Through the above experimental data, we can conclude that the CPU intensive scenario; When the number of threads is equal to the number of CPU cores, the total elapsed time is minimal. In addition, when the number of threads increases, the average time of single task will increase, because the more threads there are, the more thread context switches will occur, consuming part of performance. When the number of threads > the number of CPU logic cores, the total time consumed will not be significantly reduced, but will slightly increase, and the single task time does gradually increase;

So the final conclusion: when the CPU intensive scenario; When the number of threads is equal to the number of CPU logical cores, the overall efficiency is the highest.

Of course, we can usually set the number of CPU cores +1; The reason for this 1 is that this extra thread ensures that CPU clock cycles are not wasted even when computationally intensive threads are occasionally paused due to missing failures or other reasons

IO intensive

If the application is IO intensive, set the thread pool size to 2N+1

If only one application is deployed on a server and only one thread pool is deployed, then this estimate may be reasonable, but you need to test it yourself.

Then I found an estimation formula in the document server Performance IO optimization:

Optimal number of threads = ((thread wait time + thread CPU time)/thread CPU time) * number of cpus

It can be concluded that the higher the proportion of thread wait time, the more threads are required. The higher the percentage of thread CPU time, the fewer threads are required

Experiment (omitted)

A hybrid

Hybrid tasks can be divided into IO – and CPU-intensive tasks, which can then be processed in separate thread pools. As long as the execution time of the two tasks is similar, it will be more efficient than serial execution. If the execution time of the two tasks is far from that of the two tasks, the task executed first will have to wait for the task executed later, and the final time still depends on the task executed later, plus the cost of task splitting and merging, which is not worth the loss.

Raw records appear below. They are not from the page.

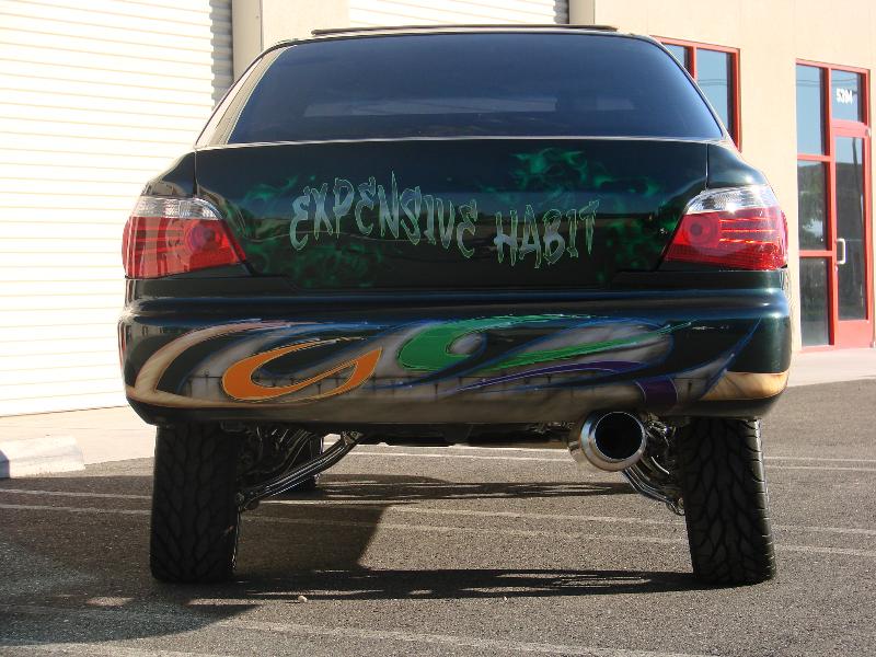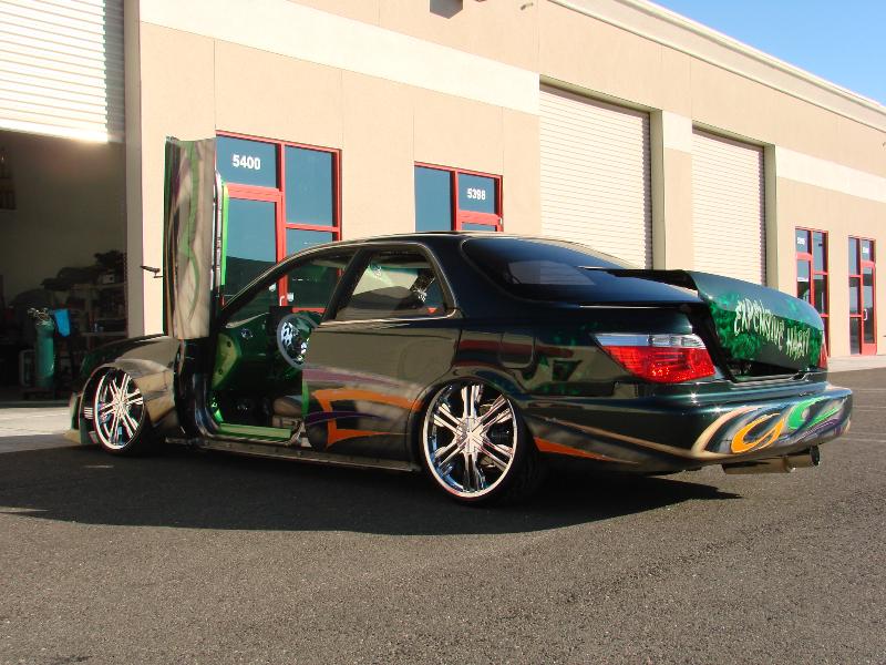 front end infiniti i30 headlight swap, bmw 5 series back end swap, motorized suicide hood and trunk, lambo front doors, and suicide lambo rear doors, shaved handles and moldings, custom made front bumper, custom cut billet grills. 35x40 street beat ragtop. redoing some shit.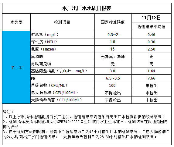 水廠出廠水水質(zhì)日報(bào)表(2025-11-13)
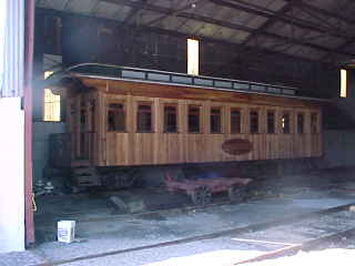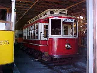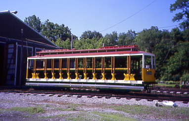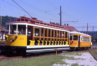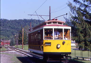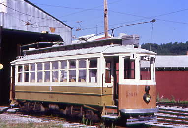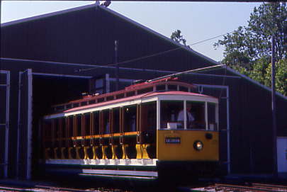 In front was S.T.C.P. Sociedade de Transportes Colectivos do Porto 'Maxi-traction' semi-convertible 249 built by Brill in 1904. The windows on this car can be raised into the roof of the car to create an airy 'open car' effect and coudl also be lowered quickly in the event of a rainstorm or cool weather. This Brill-built, designed and patented car is typical of thousands of similar small cars that operated around small town and through the streets of United States cities. Semi-convertible cars like 249 replaced convertible and open cars on many systems, because they could operate year-round. In 1924, car 249 was re-motorized with two motors and continued serving citizens of Porto until 1972, when it was retired. It was acquired by Rockhill Trolley Museum in October of that year. After being shipped across the Atlantic Ocean in a large wooden box, 249 was unloaded in Philadelphia and trucked to the museum. Unlike many other cars that have arrived at the museum needing years of costly restoration work, 249 arrived in good condition and entered regular service immediately.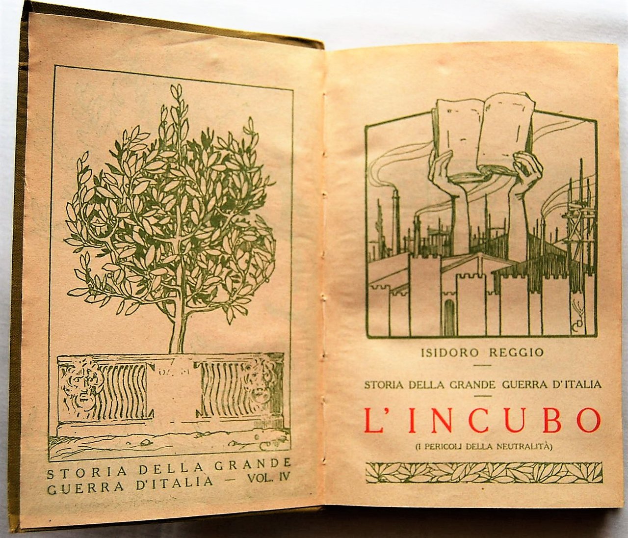Istituto Editoriale Italiano, . In-16, tela editoriale, pp. 196, con tavole in bianco e nero fuori testo fuori testo. Volume IV della Storia della Grande Guerra d'Italia. In buono stato.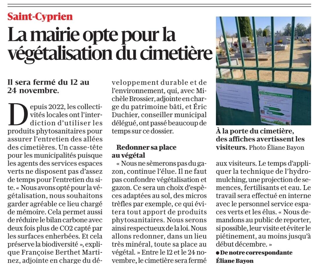 Fermeture temporaire du cimetière à Saint-Cyprien 12/11/2024 Le cimetière sera fermé du 12 au 24 novembre "pour cause" de végétalisation des allées.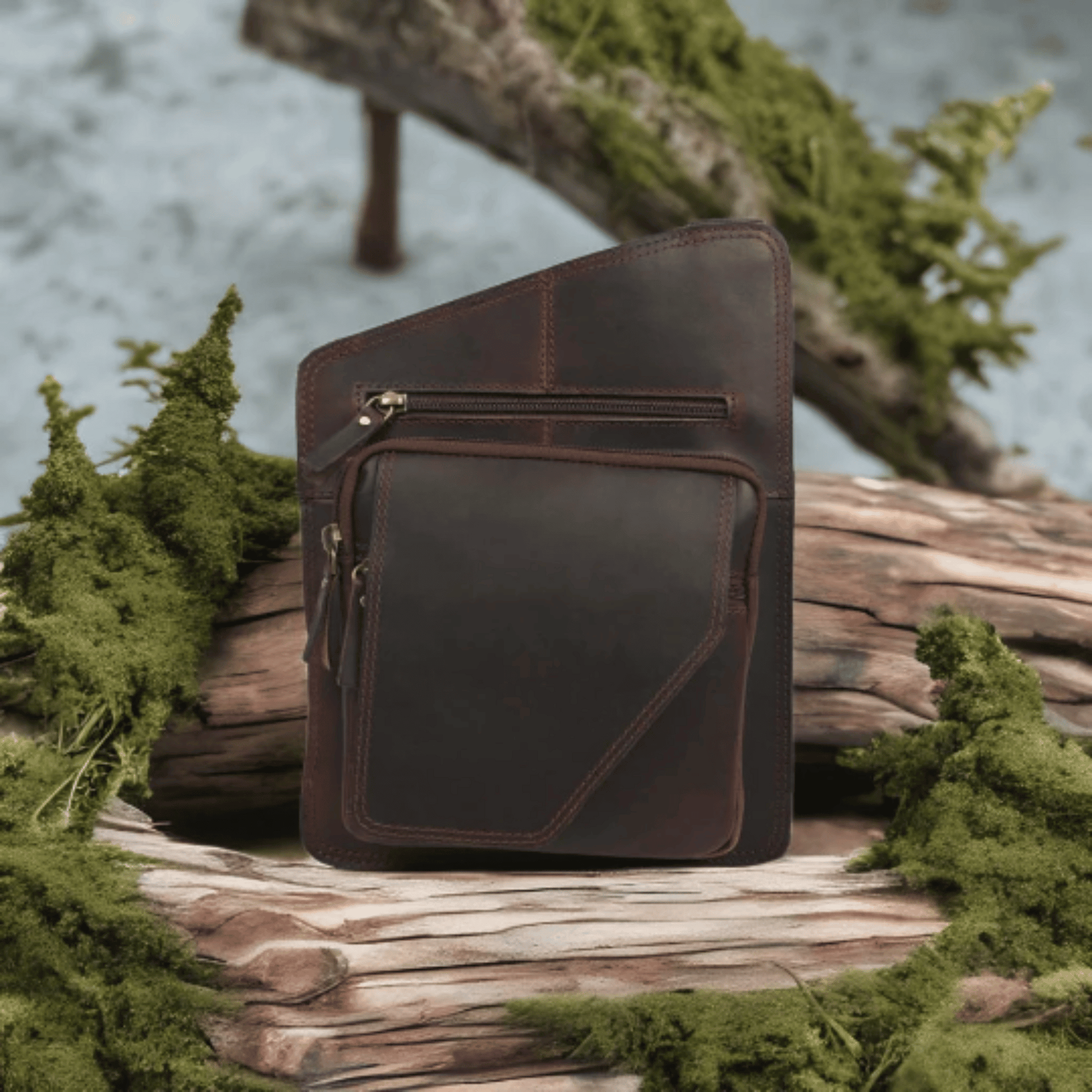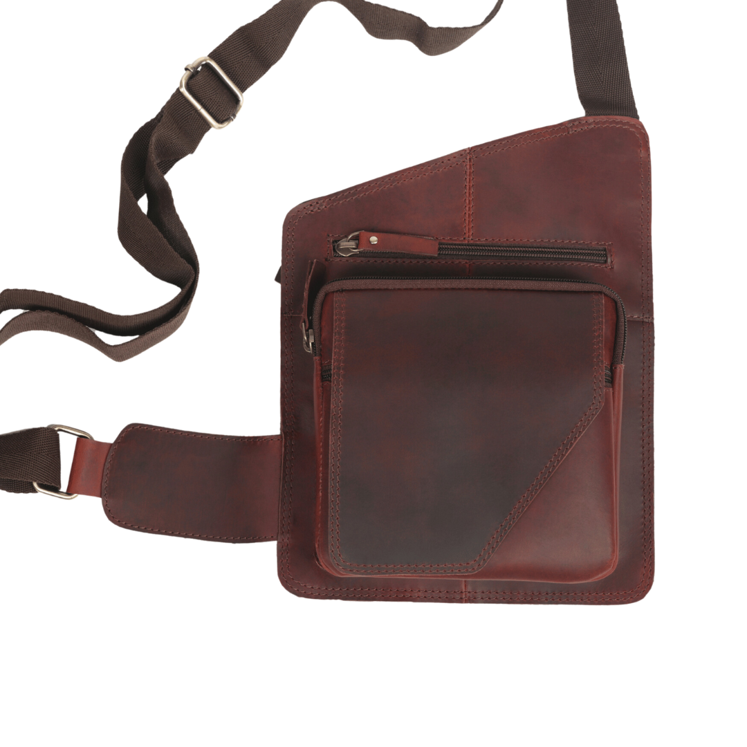 This chest bag, handmade from genuine leather, seamlessly combines style and practicality. Its unique shape is designed to complement the human form, ensuring easy carrying. With nylon straps across the shoulder and waist, it effortlessly accompanies you on travels and trips. It features three external zippers for maximum storage and a discreet back zipper for your documents, meeting all your hands-free travel needs.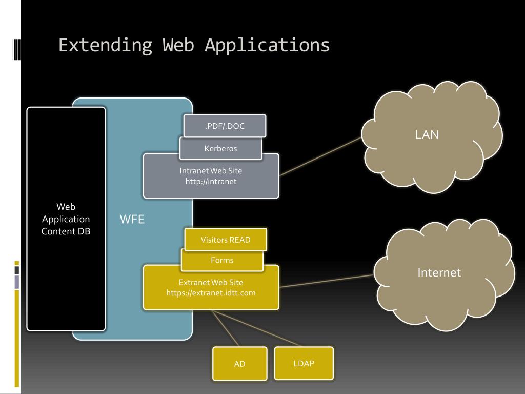 Extending Web Applications LAN WFE Web Application Content DB .PDF/.DOC Kerberos Intranet Web Site http://intranet Internet Visitors READ Forms Extranet Web Site https://extranet.idtt.com AD LDAP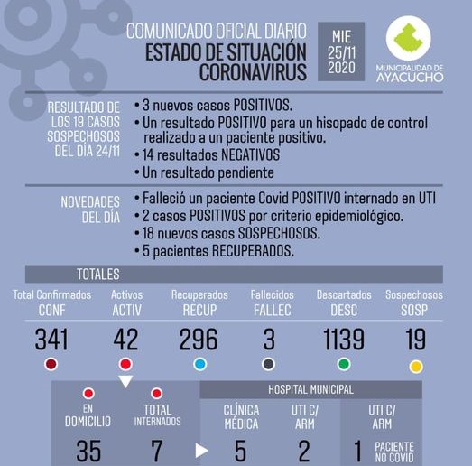 Cinco nuevos positivos de Covid se registraron este miércoles 25 de Noviembre, de los cuales dos de ellos se dan a través del criterio epidemiológico. A su vez, también fue positivo por hisopado de control un paciente que ya había sido diagnosticado con la enfermedad. De los 19 casos sospechosos de la jornada anterior, 14 fueron negativos y uno de ellos quedó pendiente.
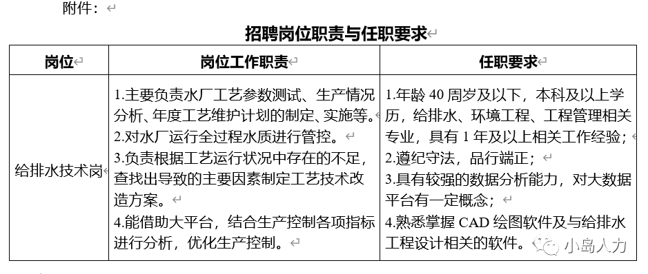 给排水技术岗,1名。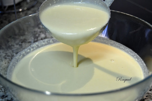 Batimos los huevos, con la mantequilla derretida, la leche, la harina y la sal hasta que este bien mezclado y no queden ningún grumo yo últimamente lo hago con la batidora y queda perfecta.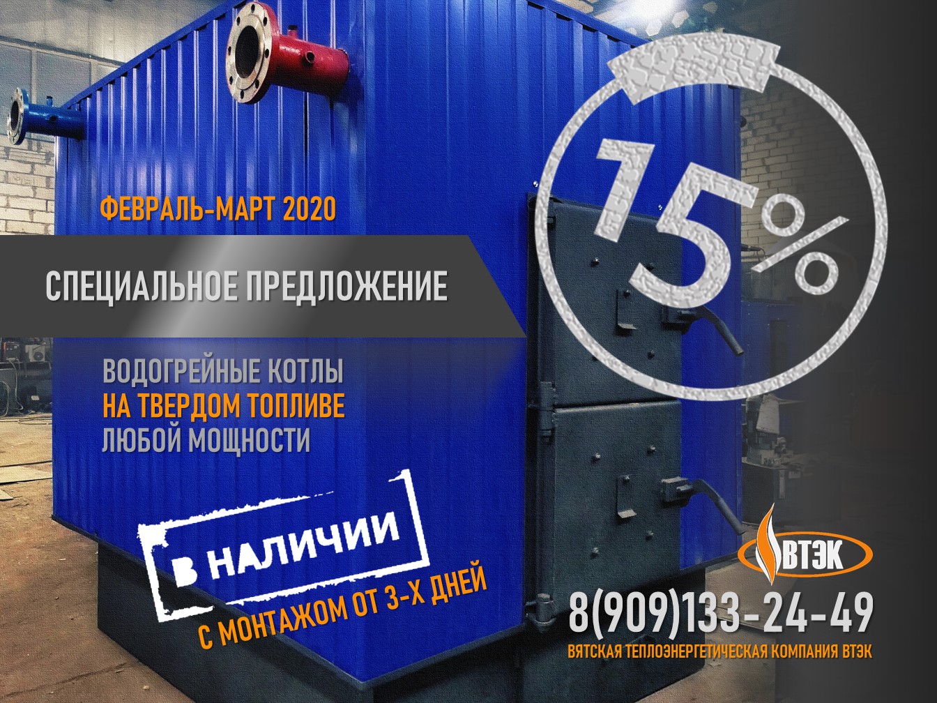Специальное предложение на все водогрейные котлы КВр и КВм на твердом топливе любой мощности с февраля по март 2020 года. Промышленные водогрейные котлы КВр и КВм на твердом топливе в НАЛИЧИИ с МОНТАЖОМ от 3 дней со СКИДКОЙ 15%.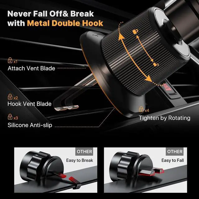 Upgraded Vent Clip-2nd Generation: We greatly improved our car phone mount based on the feedback from over 100, 000 customers. Upgrade its material and structure to make this vent phone holder much more stable and stronger, can hold the phone more securely,. This cell phone holder for car could work better for you even in extremely harsh environments.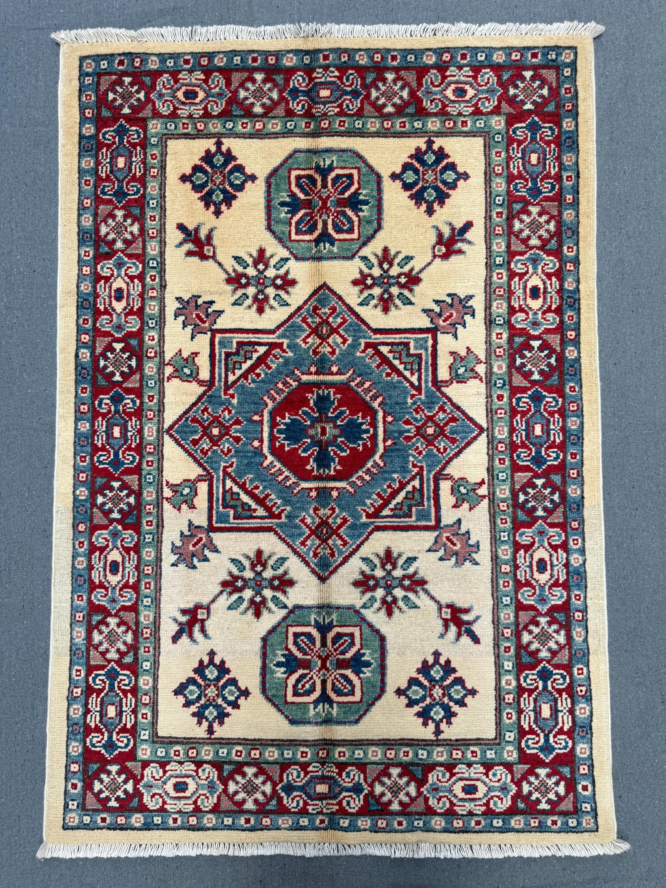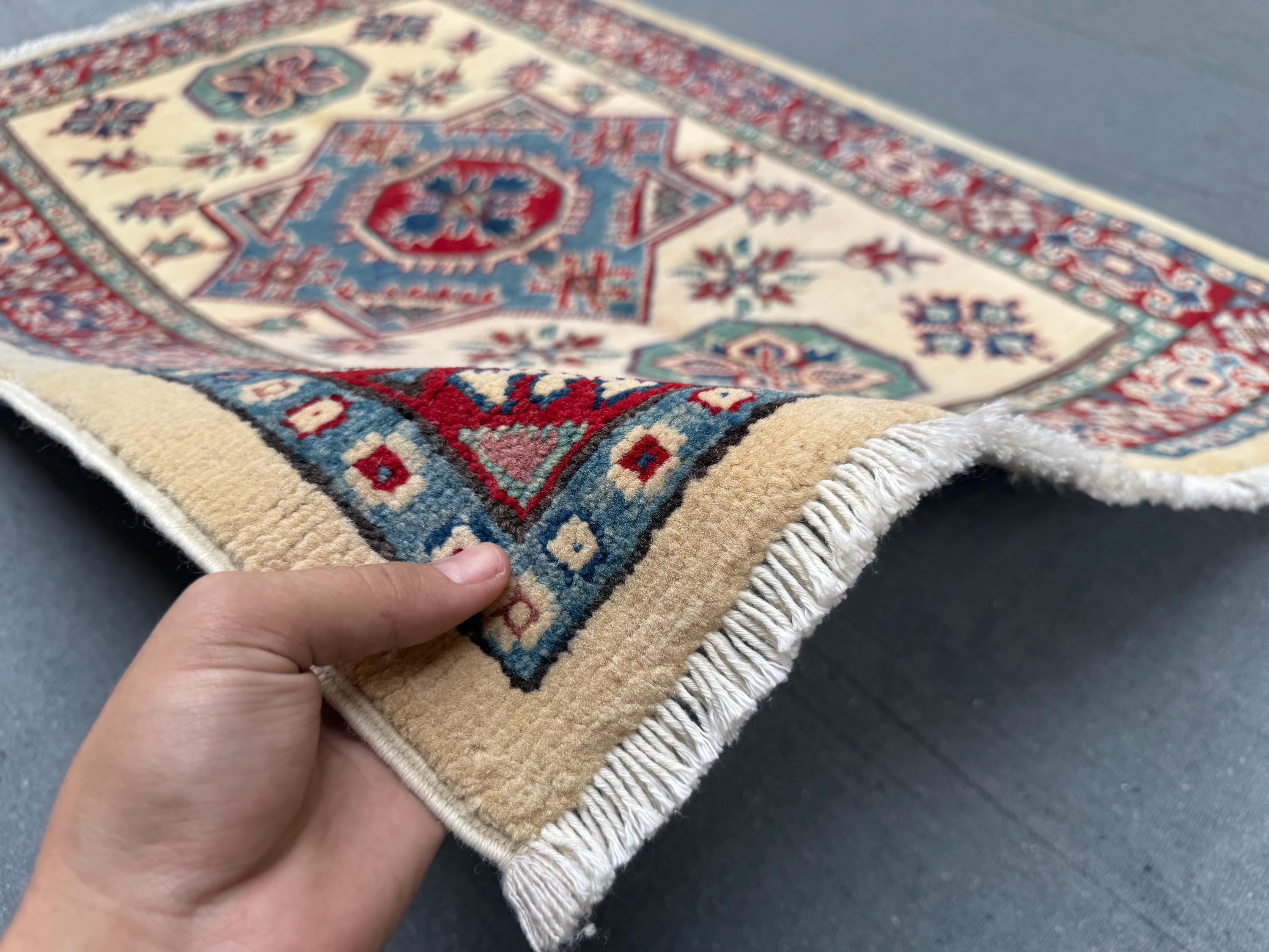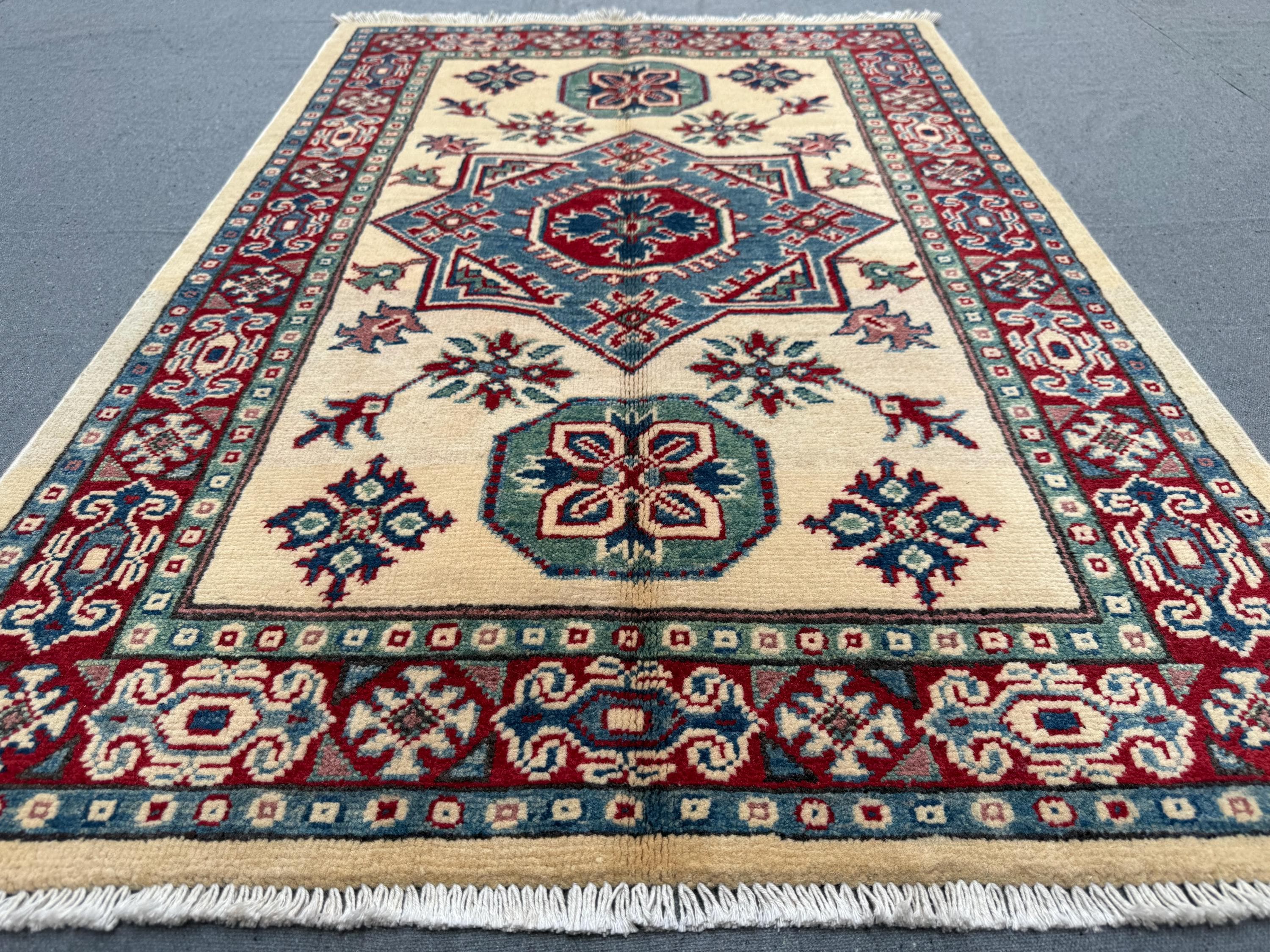 Kazak Rug 2.9x4.1 ft Hand-Knotted Afghan Wool Carpet, Cream and Red Geometric Rug, Small Handmade Wool Area Rug, Tribal Oriental Decor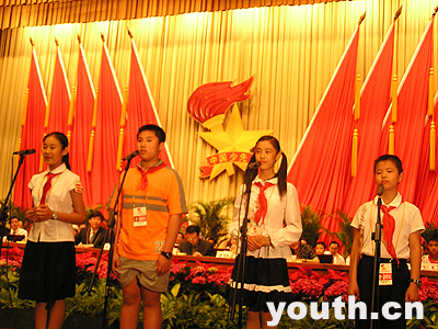 大会号召全体少先队员、少先队辅导员、少年儿童工作者和各级少先队组织,高举邓小平理论和“三个代表”重要思想的伟大旗帜,紧密团结在以胡锦涛同志为总书记的党中央周围,奋发进取,勇于创新,求真务实,不断开创少先队事业的新局面。

Why does thread context switching cost performance

The concept of context switching

Let’s first explain what context switch is. In a multitasking system, the number of jobs is usually greater than the number of cpus. To give the user the impression that these tasks are going on simultaneously, the CPU allocates a certain amount of time to each task, saves the current task state, transfers the current running task to the ready (or suspended or deleted) state, and the other selected ready task becomes the current task. The CPU can then go back and process the previously suspended task. Context switching is one such process that allows the CPU to record and restore the state of various running programs, enabling it to complete the switching operation. During this process, the CPU stops processing the currently running program and saves the exact location of the current program for later execution

Context switching costs

Context switching causes the CPU to go back and forth between registers and the run queue. This consumption can be divided into two types

Types of loss describe
Direct loss CPU registers need to be saved and loaded, system scheduler code needs to be executed, TLB instances need to be reloaded, and CPU pipelines need to be flushed
Indirect loss Multi-core caches share data with each other

Reference documentation

What are CPU intensive and IO intensive?

Calculate the optimal number of thread pools under concurrency

How can I reasonably estimate the thread pool size?